- _Data section_:
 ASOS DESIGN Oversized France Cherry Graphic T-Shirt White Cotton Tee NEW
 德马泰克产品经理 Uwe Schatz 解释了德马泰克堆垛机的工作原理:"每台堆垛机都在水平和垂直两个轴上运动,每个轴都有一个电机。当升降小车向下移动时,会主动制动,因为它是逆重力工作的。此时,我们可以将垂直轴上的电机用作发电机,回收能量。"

---

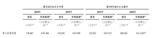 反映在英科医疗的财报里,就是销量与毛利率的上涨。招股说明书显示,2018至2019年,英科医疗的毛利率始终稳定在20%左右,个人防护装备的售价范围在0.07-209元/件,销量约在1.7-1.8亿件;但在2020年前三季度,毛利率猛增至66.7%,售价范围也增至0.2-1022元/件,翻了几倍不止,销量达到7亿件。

---

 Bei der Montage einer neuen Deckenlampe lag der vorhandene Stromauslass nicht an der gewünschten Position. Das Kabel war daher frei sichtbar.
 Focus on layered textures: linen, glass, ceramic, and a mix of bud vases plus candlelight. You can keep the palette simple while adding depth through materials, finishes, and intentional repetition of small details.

- _Your instructions_:
Exact duplication is required for the lines above, from the line that contains "Bei der Montage" to the line that contains "Focus on layered", inclusive; omit all others.

- _Solution to this exercise_:
 Bei der Montage einer neuen Deckenlampe lag der vorhandene Stromauslass nicht an der gewünschten Position. Das Kabel war daher frei sichtbar.
 Focus on layered textures: linen, glass, ceramic, and a mix of bud vases plus candlelight. You can keep the palette simple while adding depth through materials, finishes, and intentional repetition of small details.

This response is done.